Remembering the victims: Kobani massacre, 8 years on

KOBANI, Syria (North Press) – Eight years have elapsed since the Kobani massacre, yet Jahida still vividly recalls the details of her son’s murder. He was just ten years old when he was killed.

Jahida al-Daher, a 40-year-old Kobani resident, recounts the events from eight years ago to North Press, “On that fateful night, my three children and I were at home when the shooting began. Unfortunately, my eldest child lost his life. My husband was away, working in Qamishli.”

Kobani residents refer to June 25, 2015, as the “night of treachery.” It was on this night when the Islamic State (ISIS) launched an attack on the city, claiming the lives of 253 people and injuring 273 others, most of whom were children, women, and elderly.

Muhammad and Daher

Al-Daher says, “I called my son three times, but he did not stop running towards his grandfather’s house after we heard the sound of gunfire that had filled the city.

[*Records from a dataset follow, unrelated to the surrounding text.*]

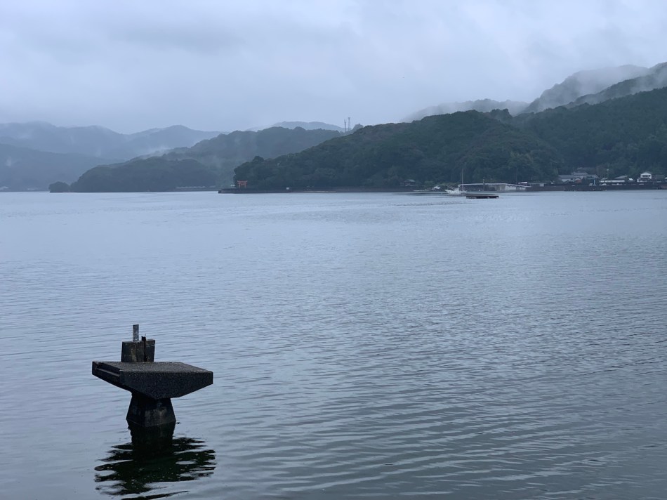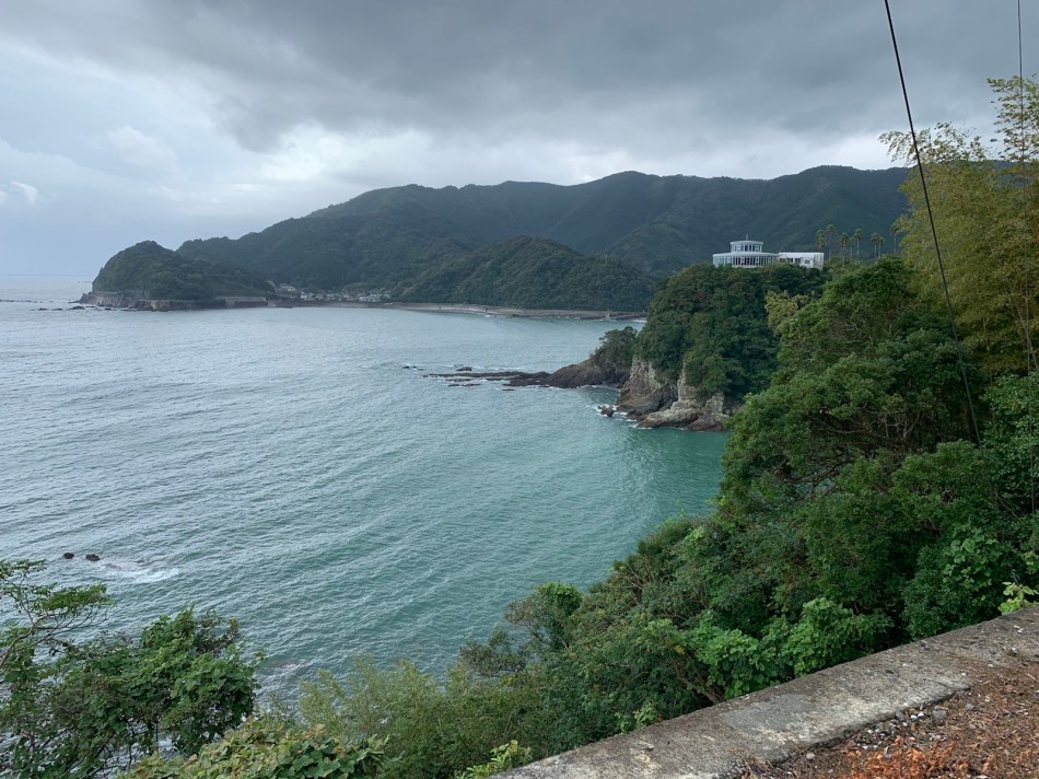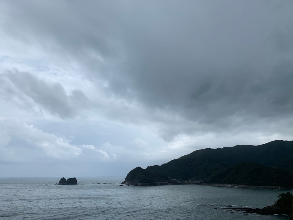 We continued on our way. The sports cars and racing motorcycles had gone but the thunder and lightning kept us focused. One more breathtaking view briefly opened up between the trees but the warning in the map book about no food or drink was wrong as a vending machine stood waiting for me. I put a 1000 yen note in and it jumped to attention, lights flashing and ready to serve. I pressed the button for a bottle of Aquarius and the bottle dropped down and my change was dispensed, followed by a cheerful arigatou gozaimasu. It won’t be long before these machines will have face recognition and then we’ll have a more targeted conversation.
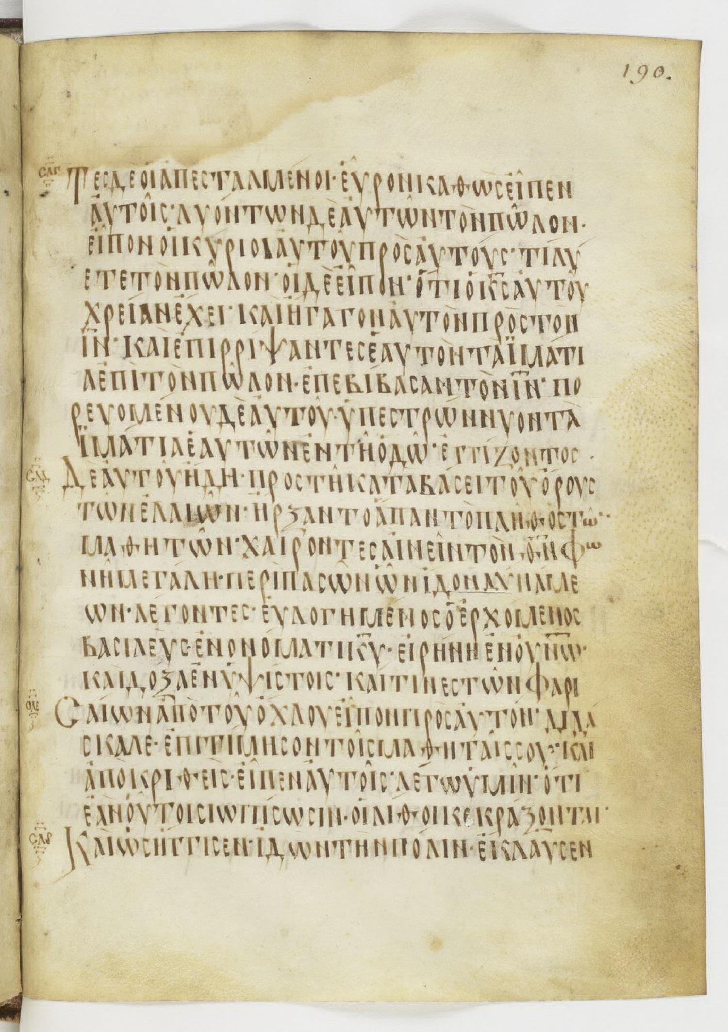 Codex Cyprius is a ninth century manuscript of the Gospels on parchment; 267 leaves, single column, 16–31 lines per column. For recent images, please visit the Bibliothèque Nationale
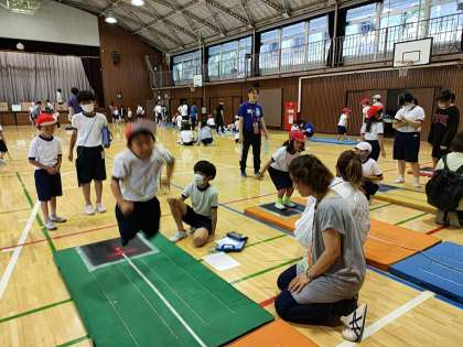 そしてそれぞれの種目では、反復横跳びを6年生が1年生に実演してみせたり、上体起こしのときに、足を持ってあげたりと本当に尽くしていました。
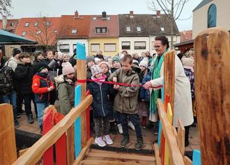 Auf dem Außengelände der Naumannschule ist Mitte Dezember ein neues Spielgerät eingeweiht und damit ein seit längerem bestehendes Problem gelöst worden. Denn das Außengelände enthält einen nicht unwesentlichen Höhenversatz, der bereits 2011 im Rahmen der Neugestaltung der Außenanlage als Rasenböschung umgestaltet worden war. Allerdings hielt dies der intensiven Nutzung des Geländes nicht stand und auch der Versuch, nachzurüsten, brachte nicht den gewünschten Erfolg. Schließlich wurde das Landschaftsplanungsbüro Merz aus Dessau mit der Überplanung dieses Teilbereichs der Schulaußenanlage beauftragt. Ziel war eine möglichst verkehrssichere, bespielbare und langlebige Lösung. Gemeinsam mit Planungsbüro und der Schule fiel die Entscheidung schließlich auf einen begehbaren Steg mit spielerischen Auf- und Abgängen. Dieser soll als Übergang vom befestigten oberen Schulhof zum unten liegenden Spiel- und Sportbereich eine Laufstrecke mit wechselnden Quer- und Längsgefällen bilden. Ein Kletternetz und eine Wackelbrücke erhöhen den spielerischen Anreiz.
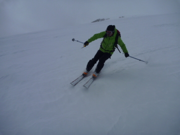 | 外輪の上は風が強いので一段降りたところで滑降の準備をすることにします。 馬の背の分岐まで外輪を歩いてから50mほど下ると、風が緩くなりました。 のんびりランチを食べてから滑り始めます。 最初はまずまずの雪質です。 かっきーと一緒にごきげんに滑り降りていきます。 双子山(二ツ塚)のピークハントもしようと話してましたが、宝永山の斜面から見下ろす双子山(二ツ塚)が、 あまりにしょぼいので素通りすることにします。 楽しかった滑りも、高度を下げるとどんどん雪が悪くなって修行系になってきました。 我慢の滑りが続きますが、景色が良いので気分も爽快です。 あっという間に御殿場口まで戻ってきました。 最後は、樹林帯の中を往きのトレースに沿って滑り降ります。 太郎坊まで戻って本日の行程は終了。 さすが日本一の山です。斜面の雄大さはさすがの一言です。 かっきー、楽しい1日をありがとうございました。 |
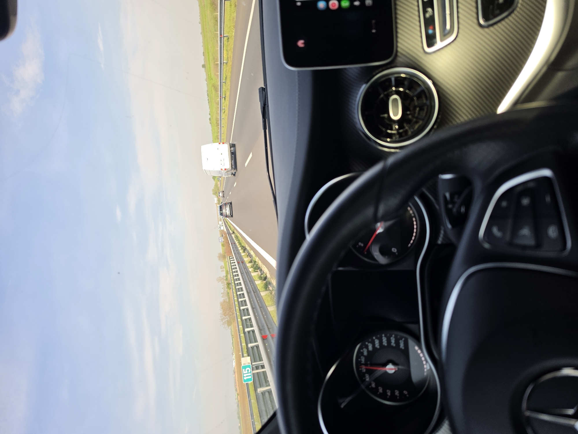 interior of a car, specifically the driver's perspective. A black steering wheel dominates the foreground, partially obscuring the dashboard. The dashboard features air vents, a screen, and various controls. Through the windshield, a highway stretches into the distance under a slightly overcast sky. There are other vehicles on the road, including a white box truck. Roadside barriers and vegetation are visible along the sides of the highway. A sign showing "115" can be seen. The location is unknown.
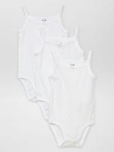 Des petits bodies pour bébé, des pièces indispensables pour sa garde-robe ; ) - 3 bodies - 100% coton en conversion - Maille pointelle - Col carré - Fines bretelles - Pressions à l'entrejambe - Nœud fantaisie devant
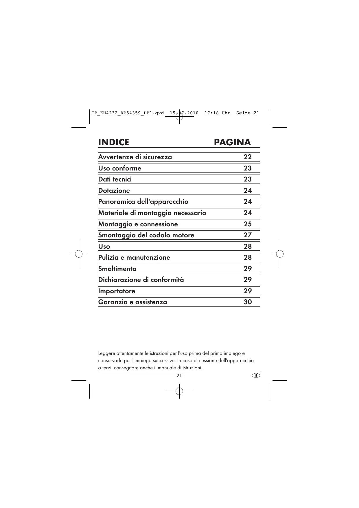 17:18 Uhr Seite 22 Avvertenze di sicurezza Per evitare il rischio di infortuni e danni all'apparecchio:
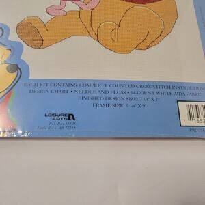 The Leisure Arts "Pooh 'Best Friends' (Pooh & Piglet)" Cross Stitch Kit (model 34007) is a delightful hand embroidery kit featuring a Winnie the Pooh theme. This kit includes a design chart, instructions, needle, fabric/cloth, and thread/floss for creating a charming counted cross stitch piece. Made in the United States, this kit is perfect for crafters looking to add a touch of whimsy to their home decor with a beloved Pooh character and Piglet.
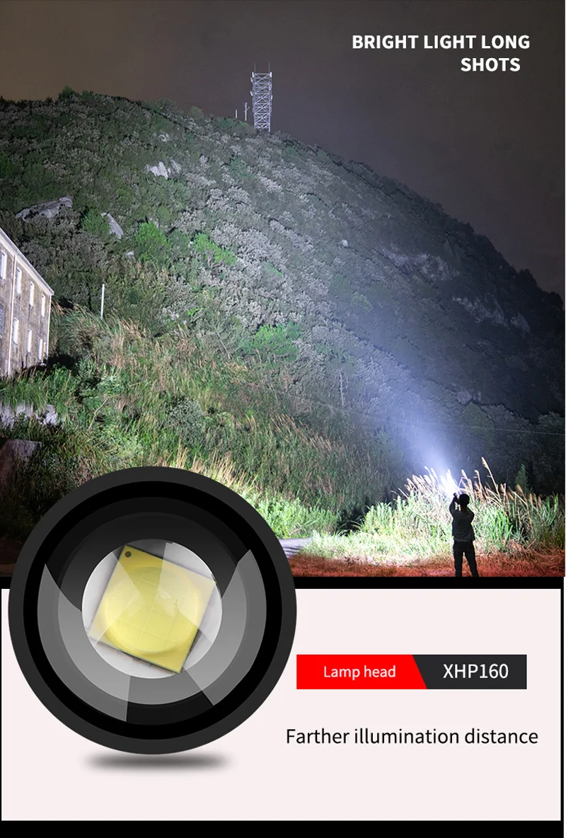 Ультра мощный XHP160 светодиодный фонарик Xlamp USB Перезаряжаемый Фонарь 18650 26650 высокомощная вспышка
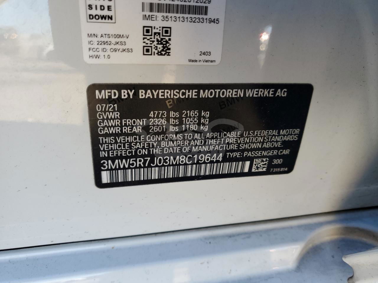 • VIN: 3MW5R7J03M8C19644
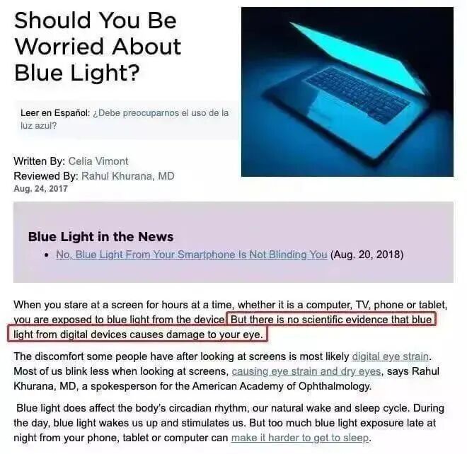 那些你日常最担心的诸如电子屏幕和电视机,尤其是他们所发出的蓝光、坐姿这些,和近视的关系并不那么密切,美国眼科协会 AAO 明确指出过:没有任何科学证据表明,手机、平板、电脑等设备发出的蓝光及其他因素会对眼睛造成伤害。
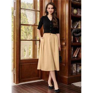 Elegant Design: This inspired A-line skirt features a flattering high waist design with elastic back waistline for comfortable all-day wear, complete with front zip closure and button detail for a classic look.
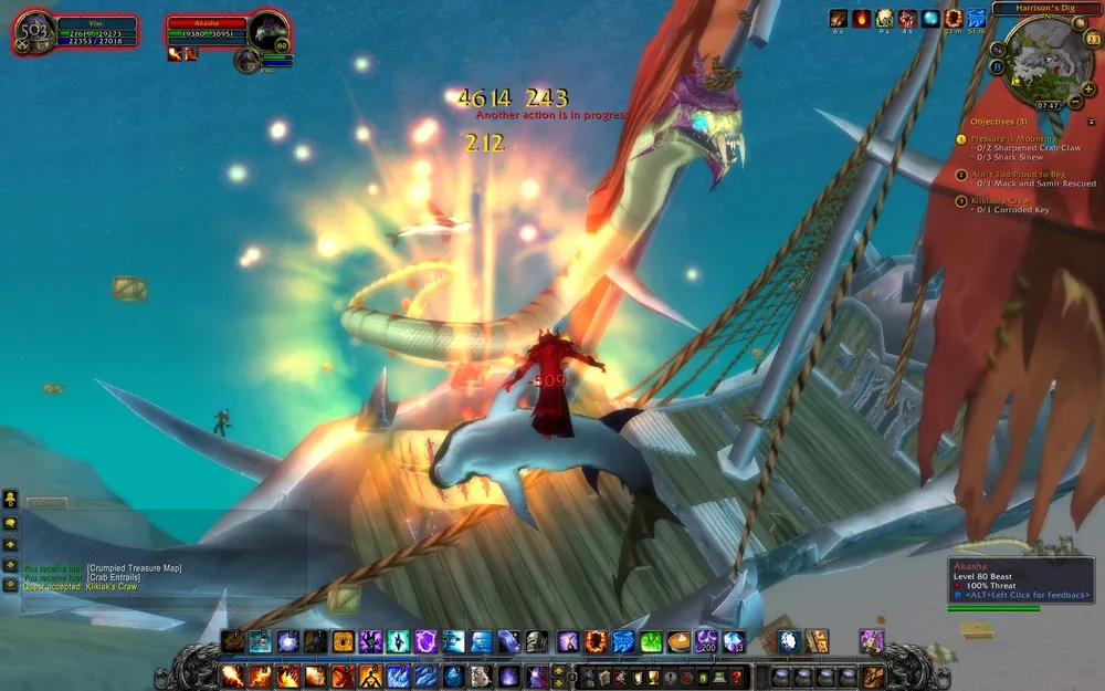Забавный квест тут будет оседлать акулу и при помощи неё пожирать наг. После этого квеста сразу пачка новых…а я то думал я уже прошел локацию. Ждет нас встреча с нагами. Некоторые квесты кстати делаются прямо на ходу. Т.е. вы взяли где то на дне квест и сделав его тут же самому себе сдали и получили награду. Не обошлось и без багов. В одном квесте пришлось долго искать, где его сдать. Спасибо форуму беты Правда следующий квест тоже багнут. В конце этого квеста мы должны получить маунта Морской Котик и видимо отправляться в следующую локацию…

Suddenly, my son Daher fell to the ground in front of our house. I saw his blood; he was hit by a bullet close to his heart.”

At first, the woman thought that the sound of gunfire was a celebration of having “liberated the town of Sarrin, south of Kobani, from ISIS.” However, she was shocked when she saw, with her own eyes, an ISIS gunman firing towards them and, eventually, her son was hit.

“My son lost his life in my arms covered in blood while his elder brother was crying,” the grieved mother tells North Press.

With sadness and pain, she adds, “If Daher were still alive, he would have been about 16 years old.” The woman demands that the killers and perpetrators of the massacre be held accountable.

Died of agony over daughter’s death

The tragedy of Shahin Baker, 50, is no different from the previous one, as he lost her 11-year-old daughter, Zouzan, in the massacre.

Baker, who lives in the Kaniya Kurdan neighborhood, in the eastern part of the city, says that the sound of gunfire continued without interruption. When he and his family left the house, he saw more than a hundred people on the street. “All the neighbors were outside their homes,” he says.

Baker states that, within a span of two minutes of leaving their house, they were met with a barrage of bullets in which his daughter lost her life.

At the time, Zouzan was in fifth grade, and her mother died  overwhelmed by her daughter’s death.

Baker urges the Autonomous Administration of North and East Syria (AANES) to bring justice to the victims and to hold accountable all those involved in the massacre in the presence of the victims’ families.

Double tragedy

Hadiba Ali, 56, had to cope with a double tragedy as she lost her child and her husband in the massacre. 

Even eight years after the massacre, Ali has not been able to forget what happened. Every little detail is still vividly etched in her memory.

“It was the seventh day of Ramadan,” she tells North Press. “My children and the neighborhood’s residents were asleep in their homes. Suddenly, the sound of gunfire, and the crying and wailing of the neighbors was heard loudly.”

She adds to North Press, “We got out of home to see what is going on; we saw bodies west of our home and four ISIS gunmen in a vehicle.”

The four gunmen then opened fire, injuring Ali, her child and her husband. Her husband and son succumbed to their wounds.

She and three of her children were injured. She was hit in the shoulder, her eldest daughter was wounded in both her legs, her second daughter was injured in the side of her torso, and her third child was also injured.

Jihan Muhammad Bozan, an official at the Martyrs’ Families Association, an organization affiliated with the AANES concerned about families of the victims who were killed either in Turkish shelling or in battles against ISIS, states that 253 individuals were killed in the massacre and 273 others were  injured.

Among the victims were 37 children and 77 women, three of whom were pregnant at the time. The massacre also left 93 children without one or both of their parents.

Bozan adds that when ISIS attacked Kobani and committed the massacre, they didn’t differentiate between young and old, child and adult, or between a father and a mother. There were children as young as one to 10 years old who were killed without any hesitation.